وَتُوبُوا إِلَى اللَّهِ جَمِيعًا أَيُّهَ الْمُؤْمِنُونَ لَعَلَّكُمْ تُفْلِحُونَ
« Et repentez-vous tous à Allah, ô croyants, afin que vous réussissiez. »
Coran 24:31
Les conditions du repentir valide sont connues des savants : cesser le péché ; regretter du fond du cœur — « le regret est un repentir », dit le Prophète ﷺ (Ibn Majah, n° 4252 ; authentique) — ; résoudre fermement de ne pas y revenir ; et restituer les droits si le péché a lésé quelqu’un : argent, honneur, réputation.
لَلَّهُ أَشَدُّ فَرَحًا بِتَوْبَةِ عَبْدِهِ حِينَ يَتُوبُ إِلَيْهِ مِنْ أَحَدِكُمْ كَانَ عَلَى رَاحِلَتِهِ بِأَرْضِ فَلَاةٍ فَانْفَلَتَتْ مِنْهُ
« Allah se réjouit davantage du repentir de Son serviteur, quand il revient à Lui, que l’un de vous qui aurait perdu dans le désert sa monture portant ses vivres, l’aurait cherchée jusqu’au désespoir, puis la retrouverait soudain devant lui. »
Rapporté par Muslim (n° 2747) d’après Anas ibn Malik
Ibn al-Qayyim commente longuement ce hadith : le pécheur qui revient n’est pas un coupable toléré — c’est un perdu que l’on retrouve. Et il ose écrire qu’un péché suivi de brisure et de retour peut être plus utile à l’âme qu’une obéissance suivie d’orgueil et de satisfaction de soi.
Un exemple concret : réparer une médisance
Une personne colporte une parole sur un collègue. Son repentir ne consiste pas seulement à dire « astaghfirullah ». Elle doit regretter la médisance ; cesser de la répéter ; s’éloigner des assemblées où elle se pratique ; protéger désormais l’honneur de ce collègue en son absence ; et réparer le tort selon ce qui est bénéfique — sans créer une nuisance nouvelle en allant tout raconter si cela devait blesser davantage. Le repentir doit produire un changement visible : c’est à cela qu’on le reconnaît.

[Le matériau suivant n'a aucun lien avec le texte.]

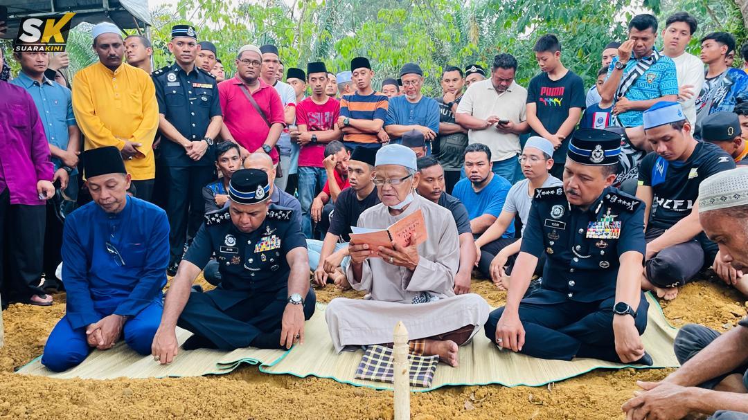 Hampir 1,000 orang, termasuk ahli keluarga, pegawai dan anggota polis serta penduduk kampung, mengiringi perjalanan terakhir Allahyarham Konstabel Ahmad Azza Fahmi.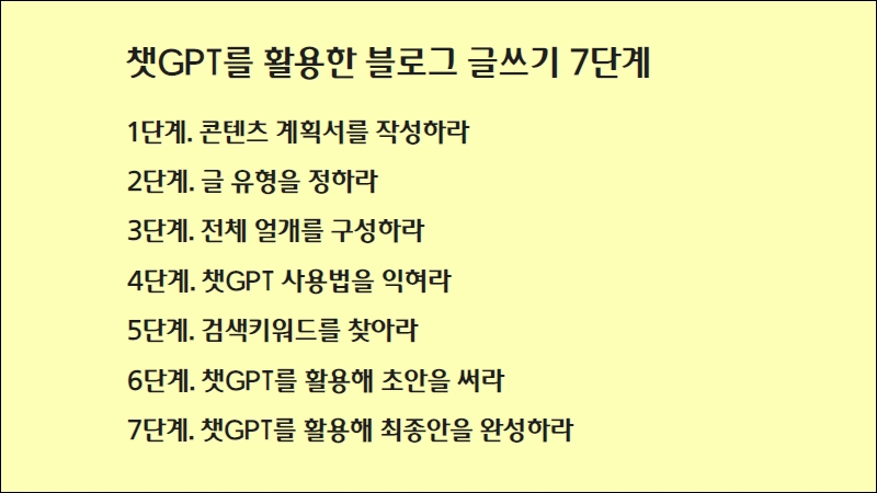 그래서 필자는 전자책 ‘챗GPT를 활용한 블로그 홍보 글쓰기’를 집필했다. AI 챗봇 중 하나인 챗GPT를 활용해 제대로 된 블로그 글을 쓰는 방법을 담았다. 이 책은 모두 일곱 단계로 구성되었다. 1, 2, 3단계는 블로그 콘텐츠 준비 단계로 콘텐츠 계획서를 작성하고, 글 유형을 정하고, 글의 구조인 얼개를 그리는 단계다. 그리고 4, 5, 6, 7단계가 챗GPT를 활용해 검색키워드를 찾고, 프롬프트에 질문하고 요청하며 초안을 작업하고 최종안까지 점검하는 글쓰기 단계다. 모든 과정을 챗GPT가 해주는 건 아니다. 기획과 점검은 담당자의 몫이다.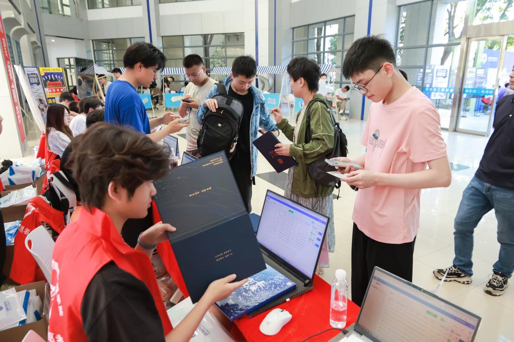在迎新现场,学院特别设置了三大特色体验区。“新生寄语墙”上,410位本科新生的姓名巧妙组合成“唯实”院训,寓意逐梦的起点,承载青春的期许;“科创体验区”汇聚了物联学子历届科创竞赛成果,智能小车、创新作品引燃新生的科技热情;“传感互动区”通过体验惊喜刮刮乐、指纹成长树等特色活动,让新生在每一次的划动、点触中感受到学院最美好的祝愿。此外,学院还组织起一支热心的志愿者服务队,穿梭于报到现场与宿舍园区,耐心地向新生提供引导、指示和答疑等服务,用实际行动传递着学院最真挚的关怀与温暖的问候。

En pratique — la prière du repentir
Lorsque tu commets une faute, ne laisse pas le découragement s’installer. Le Prophète ﷺ a enseigné : « Il n’est pas un serviteur qui commet un péché, puis se purifie parfaitement, se lève et prie deux unités de prière, puis demande pardon à Allah, sans qu’Allah ne lui pardonne » (Abu Dawud, n° 1521 ; jugé authentique). Ablutions, deux raka’at, demande de pardon : le protocole prophétique de la chute est plus rapide que la chute elle-même. Le diable veut transformer la faute en désespoir ; la Sunnah la transforme en retour.